またその一方で、HR専任者がおらず(2021年末の現在もそうですが)創業者が各種事業推進と兼務しながら採用を行っており、採用が進んでいませんでした。
ソフトウェアスタートアップの資金の主要な使い道である採用が進んでいなかったため、銀行口座にお金が積み上がり続けて使い切れない状態になっていました。
それゆえに外部資金を取り入れる必要性がありませんでした。
※これは会社が潰れないという意味では一見ポジティブに見えますが、経営としてはROA(Return On Assets)が悪い、つまり資産を適切な投資に振り向けられていないという意味で中長期的にはネガティブです。
今回資金調達を行うことになった理由
最初のエンジニアの入社が決まり、エンジニア採用が本格化したことがきっかけです。
先述のとおり、これまで創業から3期連続の通期黒字で決算を終えてきており、結果として赤字を掘って進めていくスタイルの経営ではありませんでした。

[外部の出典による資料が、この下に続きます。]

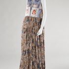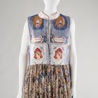The "Women’s Emancipation" dress was created as part of the exhibition series In Circulation, launched by the Contemporary Design Department in 2018. According to the concept, the invited designer will select an object or ensemble of objects from the collection of the Museum of Applied Arts, and will create a new design as inspired by the object(s). Our fifth invited artist in the series is Romani Design founded by Erika Varga and Helena Varga in 2010. The sisters chose a total of six art objects from the collections of the museum. It is not by chance that these are all devotional pictures depicting either the Virgin Mary or other female saints, which provided the inspiration for the designers to create six enchantingly richly patterned women’s garments and coordinated accessories (see also 2021.515.1.
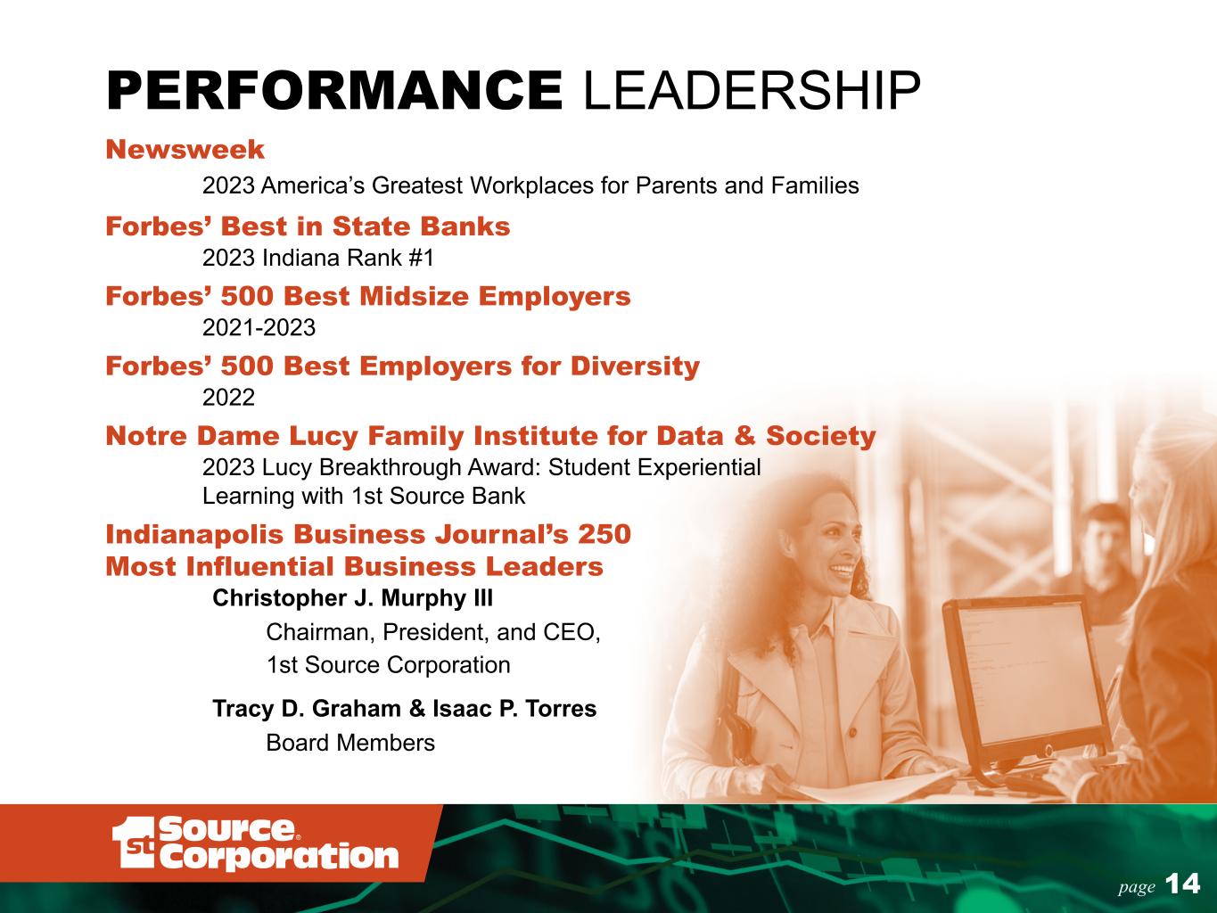 业绩领导力新闻周刊2023美国最适合父母和家庭的工作场所福布斯2023年度州立银行最佳印第安纳州排名# 1福布斯2021-2023年度500位最佳中型雇主福布斯2022年度500位最佳多元化雇主巴黎圣母院Lucy Family Institute for Data & Society 2023 Lucy Breakthrough Award:Student Experiential Learning with 第一源银行 Bank Indianapolis Business Journal的250位最具影响力的商业领袖丨克里斯托弗·J·墨菲三世Christopher J. Murphy III董事长、总裁兼首席执行官,1st Source CorporationTERM2丨特雷西·D·格雷厄姆Tracy D. Graham & Isaac P. Torres董事会成员14 page

これは積極的に選択したスタイルではなく、採用を進められなかった結果として、ソフトウェアビジネスにおいて一番大きな費目になる開発人件費が増えなかったためです。(本当はもっと採用進めたかったのでここは反省点)
2020年末に初めてのエンジニアの入社が決まり、そこから採用が少しずつ進む中で、Jカーブを描きながら二次関数的な成長を実現するための投資を行うスタイルへの移行が進み、資金ニーズが生まれました。
エクイティ・ファイナンスをしない会社ではない
デット・ファイナンスで資金調達をした理由
VC等の投資家の方々からリスクマネーを投資していただくということに対する、会社・経営陣の責務は「一定期間内で期待値以上のリターンを生む」だと考えています。
そのためにはアーリーステージであればあるほど、1年や1.5年などの一定期間内で調達した金額を使い切り、事業・企業価値を上げて次のラウンドにつなげることが求められると考えます。
※上記は当時、同じくらいのステージで調達済みの起業家や投資家さんとのディスカッションを通じて形成された考え方であり、現在はまた資金調達環境が変わってきてるため、上記よりさらに一歩進んだ考え方が主流かもしれません。
このような考えに基づくと、自分たちが積み上げてきた利益剰余金すら使い切れていない(採用に踏み込めていない)段階で、エクイティ・ファイナンスで資金調達をしたとしても、その資金を1~1.5年で使い切って次のラウンドにつなげていくほど採用を進められず、同じように資金を銀行口座の中で寝かせてしまうのでは?という恐れがありました。
そのため、採用が本格的に軌道に乗って、きちんと調達したお金を適切に投資できる体制が整ってからエクイティ調達を行うべきという結論になりました。
幸いにも創業以来、黒字決算を続けてきて財務面が健全であったため、借り入れする側としてはとてもありがたい条件でお話ができたことも、今回の資金調達を全額デット・ファイナンスで行うことの後押しになりました。
エクイティ・ファイナンスを行っていく
よく今後もエクイティ・ファイナンスはしないのですか?やステルスでやっているのですか?という質問をいただくことがあります。
答えはどちらもNoです。
これから順調に採用が進んでいくと、自己資金だけでは必要な費用を賄えなくなってきて、必ず大きな資金ニーズが生まれます。
具体的には来年中のどこかのタイミングでエクイティ・ファイナンスによる資金調達が必要なタイミングが来るのではないかと考えています。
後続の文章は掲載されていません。